Dangerous buildings which have bedeviled the Westbury community for most of the past decade finally met an end Monday as a demolition crew began knocking them to the ground.
The properties, located at 12540 Hillcroft, have been vacant since 2008, but even before that contributed an ugly mark to the community as a “wrought iron company” used the buildings to store and work on dilapidated cars which were ultimately shipped to Mexico. At that time, six pit bulls roamed the premises as guards, residing in an upstairs lair.
But with the renter’s eviction, the buildings, originally a strip center built in 1972 according to tax records, continued to deteriorate, with owners fighting the city’s attempts to clean up the property.

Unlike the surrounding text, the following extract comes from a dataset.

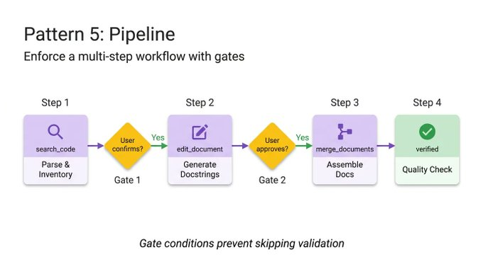 对于复杂任务,你不能承受跳过步骤或忽略指令的代价。管道模式强制执行严格的、顺序的工作流程,并设有硬性检查点。

Graffiti marred the walls, the roof caved in, neighborhood residents saw young people on the property, and finally, a fire in 2011 – one day after a city inspection – gutted most of the remains.

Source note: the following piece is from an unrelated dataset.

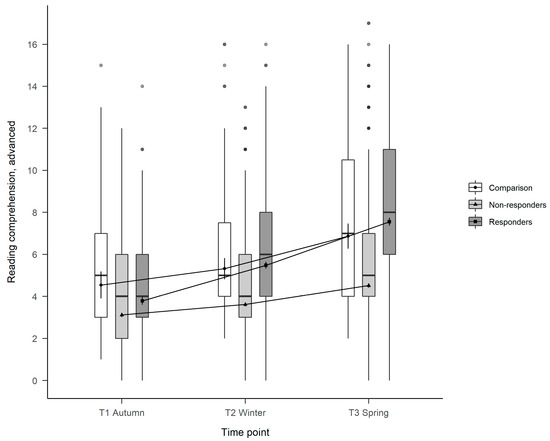 Non-responders showed a relatively steady improvement in basic reading comprehension between T1 and T3 (see Figure 3). This indicates that the recommended decoding focus was relatively effective regarding the development of skills necessary for basic reading comprehension. The gap between non-responders and the comparison group remained the same at T1, T2, and T3. For advanced reading comprehension (Figure 4), the gap increased somewhat, and the non-responders did not seem to be ready for such demanding tasks, despite having increased their decoding skills.

The city’s Neighborhood Protection Division tried for years to get the property cleaned-up or demolished, but owners essentially thumbed their noses at the tickets and adverse decisions they received.
The 10,000 sq. ft. property is shown on 2012 Harris County Appraisal District records belonging to Ideal Implant Investments LLC in Phoenix, Ariz. Arizona records show the company belongs to the Pham family.
In 2010, the property was listed as owned by Chau M. Pham, who lived in Sugar Land. In 2011, when the City of Houston pursued clean-up of the property before the Building and Standards Commission, Chau’s son Steven represented his parents at the hearing. And although Chau was ordered to repair or demolish the buildings or be fined $1,000/day, once again, the site only got worse.
The buildings are next to the Pines of Westbury apartments and they back-up to Westbury’s prize-winning community garden. The Westbury Civic Club and the Westbury Area Improvement Association kept the fight going to rid the community of the blight for years, and on Monday, their efforts were finally rewarded.